また、一部の特殊なモデルでは温度調整がサポートされていない場合があり、そのようなケースではVJSPが自動的にこれらの制限を尊重します。
温度を調整すべきタイミング
以下は、タスク別に推奨される温度の範囲例です:
- コードモード(0.0~0.3):正確で一貫性のあるコードを生成したい場合
- アーキテクトモード(0.4~0.7):アーキテクチャや設計案を、構造性と創造性のバランスを取りながらブレインストーミングしたい場合
- 質問モード(0.7~1.0):多様で洞察に富んだ説明や、オープンエンドな質問への回答を求めたい場合
- デバッグモード(0.0~0.3):一貫性と精度を重視してトラブルシューティングを行いたい場合
これらはあくまで出発点です。
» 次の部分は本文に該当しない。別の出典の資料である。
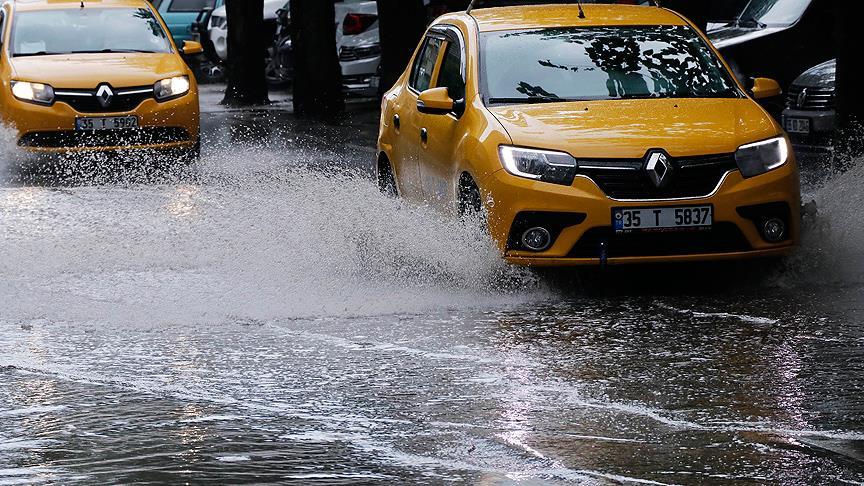 İzmir'de gece yarısından sonra etkili olmaya başlayan sağanak nedeniyle cadde ve sokaklarda su birikintileri oluştu.
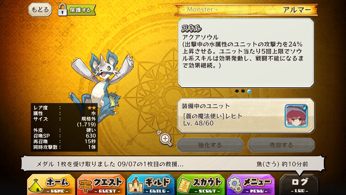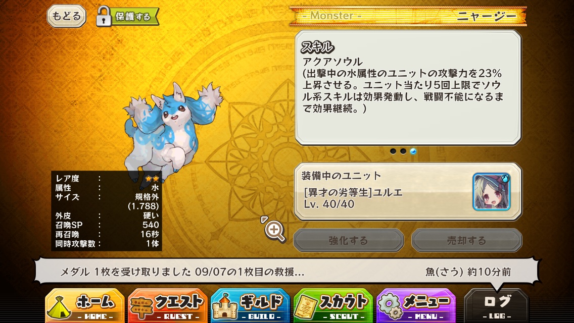 アクアソウルは水属性ユニットの攻撃力を上げるスキルなので

ご自身のニーズや好みに最適な設定を見つけるには、実験が不可欠です。
温度の調整方法
- VJSPパネルを開く:VS CodeのサイドバーにあるVJSPアイコンをクリック
- 設定を開く:右上隅の ⚙️ アイコンをクリック
- 温度設定を探す:「Provider(プロバイダー)」セクションに移動
- カスタム温度を有効化:「Use Custom Temperature(カスタム温度を使用)」チェックボックスをオン
- 値を設定:スライダーを好みの値に調整
*VJSP設定パネル内の温度スライダー*
APIプロファイルによる温度設定
異なる温度設定を持つ複数の APIプロファイル を作成できます:
タスクごとの温度プロファイルの設定方法:
- 「Code – Low Temp(コード – 低温)」(0.1)や「Ask – High Temp(質問 – 高温)」(0.8)など、用途別のプロファイルを作成
- 各プロファイルに適切な温度を設定
- 設定内またはチャットインターフェースのドロップダウンからプロファイルを切り替え
- 各モードごとにデフォルトプロファイルを割り当てることで、モード変更時に自動で切り替えられるように設定
このアプローチにより、手動調整なしでタスクに最適なモデル動作を実現できます。
技術的な実装
VJSPは温度を以下の点に配慮して処理します:
- ユーザーが設定した値はデフォルト値よりも優先される
- プロバイダー固有の動作が尊重される
- モデル固有の制約が強制される:
- thinking機能が有効なモデルは、温度が常に 1.0 に固定される
- 温度調整をサポートしないモデルもある
実験の重要性
自分のニーズに最適な温度設定を見つける最も効果的な方法は、実際に異なる値を試してみることです。
効果的な温度テストの手順
- デフォルトから開始:VJSPのプリセット(通常は0.0)をベースラインとして使用
- 小さなステップで調整:±0.1ずつ変更し、微妙な違いを観察
- 一貫したテスト:同じプロンプトを異なる温度設定で使用し、公平に比較
- 結果を記録:特定のタスクタイプで最良の結果をもたらす値をメモ
- プロファイルを保存:効果的だった設定を APIプロファイル として保存し、素早く再利用可能に
注意:同じ温度値でもモデルによって反応が異なる場合があります。また、thinking機能が有効なモデルは、ユーザー設定に関わらず常に温度 1.0 で動作します。